Struct HeapAddress 

pub struct HeapAddress(/* private fields */);

Old smart contracts were using this Address implementation, which was explicitly relying on the heap, to avoid large data copies on the stack.

It is no longer used, kept for reference.

Implementations

impl HeapAddress

pub fn from_slice(slice: &[u8]) -> HeapAddress

impl HeapAddress

pub fn zero() -> HeapAddress

Returns a new address of 32 zeros. Allocates directly in heap. Minimal resulting wasm code (14 bytes if not inlined).

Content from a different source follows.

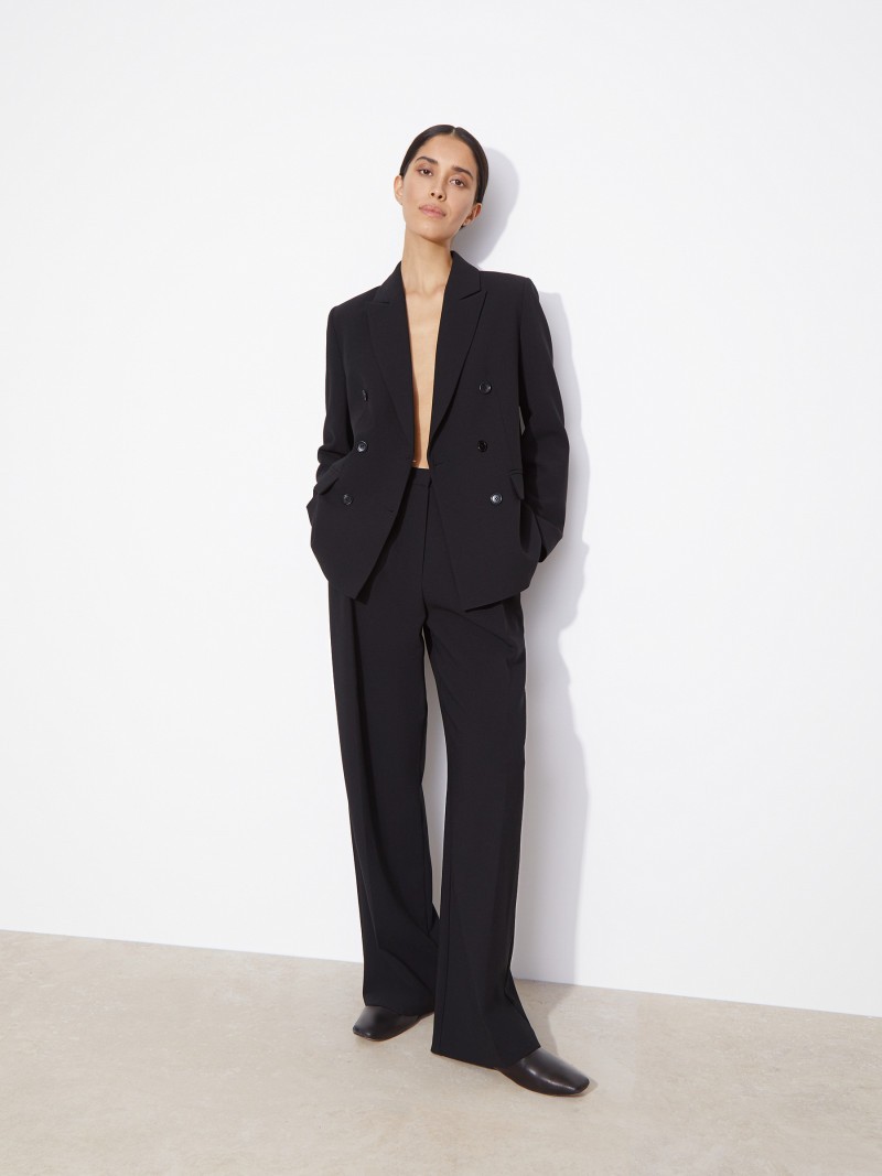 Брюки из костюмной шерсти. Высокая посадка и глубокие складки от пояса визуально вытягивают силуэт — этот эффект усиливается, если надеть брюки с обувью на каблуке. Застегиваются на молнию и крючок, есть удобные карманы по бокам и сзади. Тонкая и мягкая костюмная шерсть хорошо дышит и не перегревает кожу. Без подкладки. Сделано в России.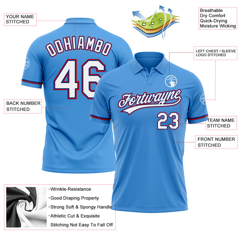 Custom Powder Blue White Royal-Red Performance Vapor Golf Polo Shirt

pub fn len_bytes() -> usize

Returns the size of an address in bytes.

pub fn as_bytes(&self) -> &[u8]

Extracts a byte slice containing the entire fixed hash.

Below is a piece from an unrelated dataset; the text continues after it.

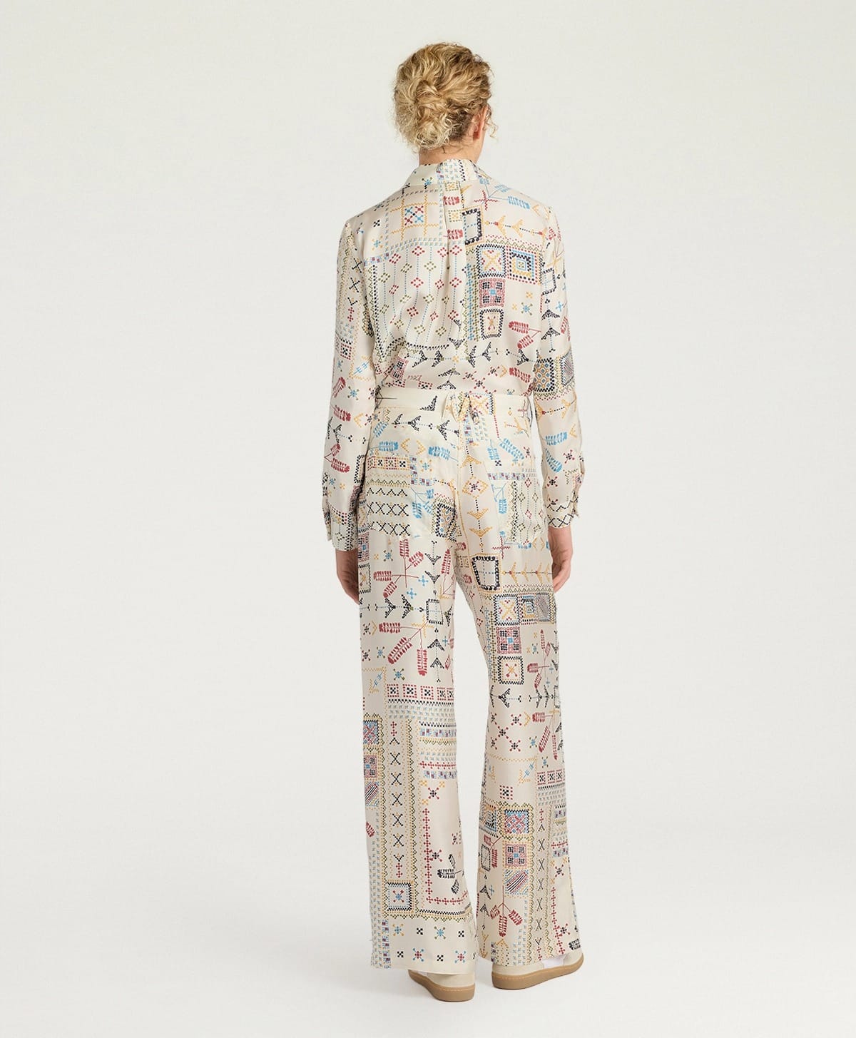 PANTALON ORTIZ EN SERGÉ DE SOIE IMPRIMÉ – MULTICOLORE CRÈME

pub fn as_array(&self) -> &[u8; 32]

pub fn copy_to_array(&self, target: &mut [u8; 32])

pub fn to_vec(&self) -> Vec<u8>

pub fn as_ptr(&self) -> *const u8

Pointer to the data on the heap.

pub fn as_mut_ptr(&mut self) -> *mut u8

Returns an unsafe mutable pointer to the data on the heap. Used by the API to populate data.

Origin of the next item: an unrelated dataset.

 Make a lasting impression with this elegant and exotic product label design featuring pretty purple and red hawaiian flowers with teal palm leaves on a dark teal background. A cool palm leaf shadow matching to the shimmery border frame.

pub fn is_zero(&self) -> bool

True if all 32 bytes of the hash are zero.

pub fn into_boxed_bytes(self) -> BoxedBytes

Transmutes self to an (in principle) variable length boxed bytes object. Both BoxedBytes and H256 keep the data on the heap, so only the pointer to that data needs to be transmuted. Does not reallocate or copy data, the data on the heap remains untouched.

pub fn is_smart_contract_address(&self) -> bool

Trait Implementations

impl AsMut<[u8]> for HeapAddress

fn as_mut(&mut self) -> &mut [u8]

Converts this type into a mutable reference of the (usually inferred) input type.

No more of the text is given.